Las manos de mi abuelo parecían como la misma tierra que mimaba y sus callos eran como unos promontorios rotundos y hermosos de quien se ha dedicado al trabajo honrado cada día, todos los días, de sol a sol, pues tal era en aquel tiempo la jornada de los campesinos allá donde estuvieren. Precisamente, el episodio del que tan orgulloso estaba mi padre y que yo trasmito a mis hijos y nietos se desarrolló al final de nuestra Guerra Civil y tiene que ver con lo que anteriormente relato.

Era obligatorio en aquel tiempo llevar consigo cada ciudadano una cédula de identificación, o sea, el antecedente del actual carné de identidad o, en su caso, un “salvaconducto” para circular por determinadas zonas. Venía mi abuelo de una feria de vender un ternero (por cierto, que entonces los labradores y ganaderos transitaban a pie por corredoiras, veredas y caminos con su ganado, sin importar la distancia, el tiempo, incluso, los días de viaje, acampando si fuera preciso al raso), digo que venía de vuelta mi abuelo, cuando lo paró una pareja de la Guardia Civil que patrullaba por la zona.

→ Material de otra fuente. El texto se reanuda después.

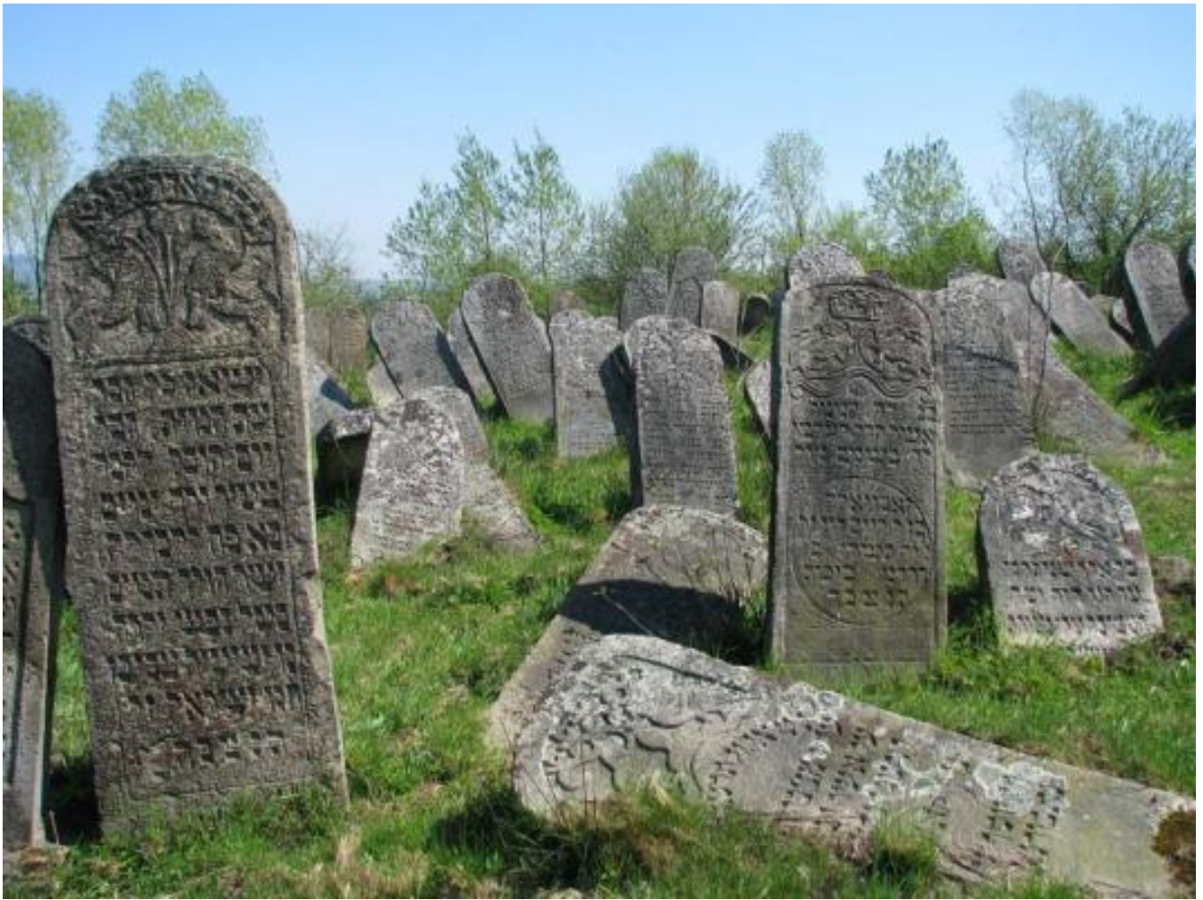
Solotvyn cemetery, tombstone

Los agentes le dieron el alto y requirieron a mi abuelo que se identificara; es decir, que les mostrara la famosa cédula que en aquel momento no llevaba encima. Pero como mi abuelo era un hombre inteligente y de rápidos reflejos, sin decir palabra les mostró sus manos. Los guardias entendieron. No era preciso más: aquellas eran las manos de un trabajador, de un hombre de bien. ¡Qué cédula mejor! “¡Siga usted, buen hombre! Y buenas tardes”. Aquella anécdota forma parte del mejor patrimonio que me legaron mi abuelo y mi padre y ha sido siempre un ejemplo, una guía para conducirme en la vida.

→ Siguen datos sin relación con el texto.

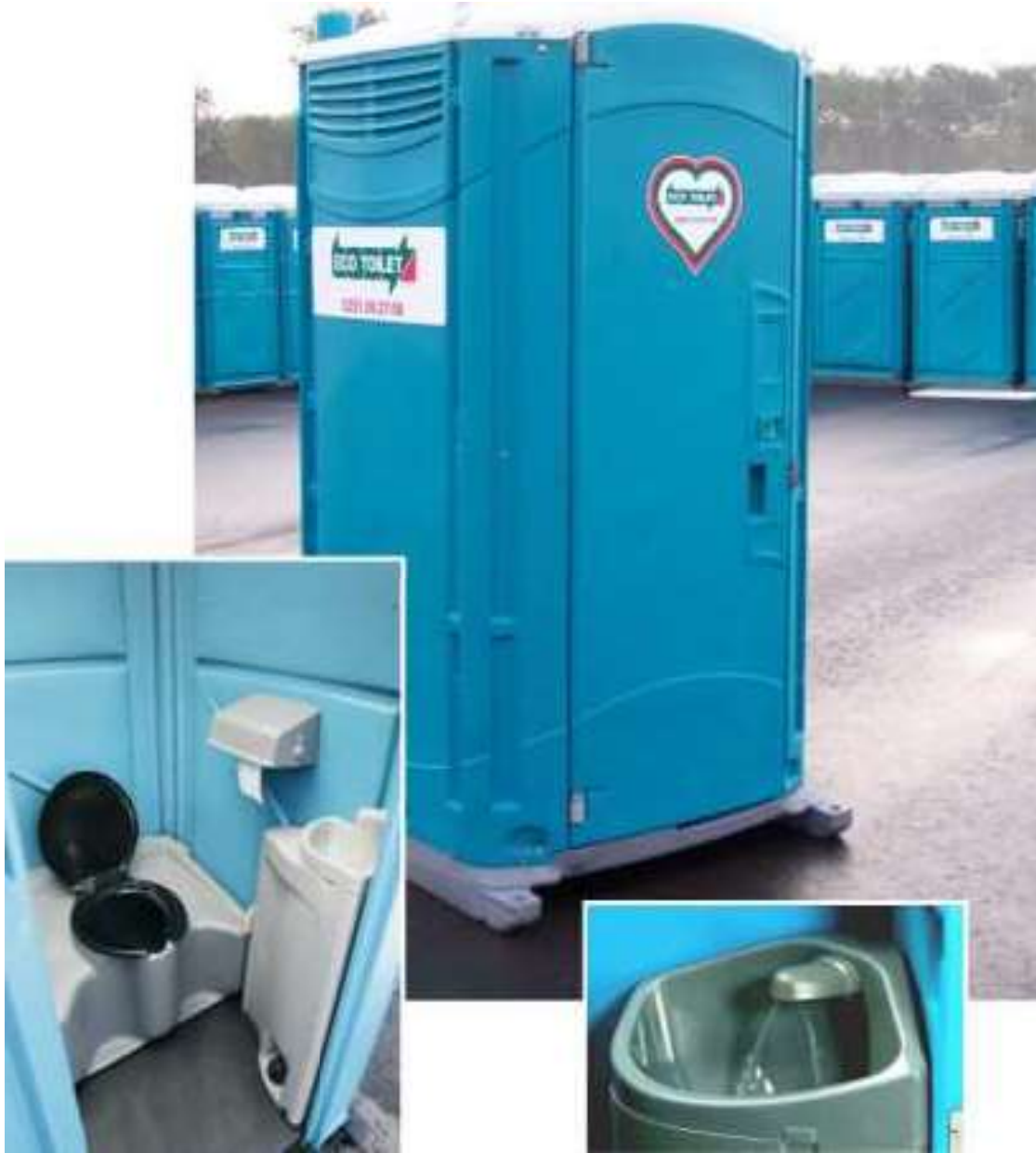
Mobiele toiletten, met wasbak en closetpot of urinoir en wasbak

Durante el servicio militar tuve ocasión de conocer y tratar a muchos soldados que procedían de la Galicia más profunda. Hombres rudos, de enorme nobleza. Recuerdo con gran cariño todavía sus nombres y la enorme calidad humana de aquellos chicos que salían de sus pueblos de las montañas de Lugo u Ourense por primera vez en sus vidas. Los de la ribera del Mar tienen otro carácter, marcado por sus horizontes abiertos, excelentes también, pero yo conviví más con chicos que bajaban por primera vez en su vida desde los valles profundos y los pueblos ignorados. Si alguna vez en mi vida me viera en alguna situación apurada, una catástrofe, una guerra, algo extremo, quisiera estar acompañado por aquellos muchachos. Leales, obedientes, serviciales, generosos y con su propia cultura, la del campo y la montaña, que tantas cosas nos enseñaron a los de ciudad.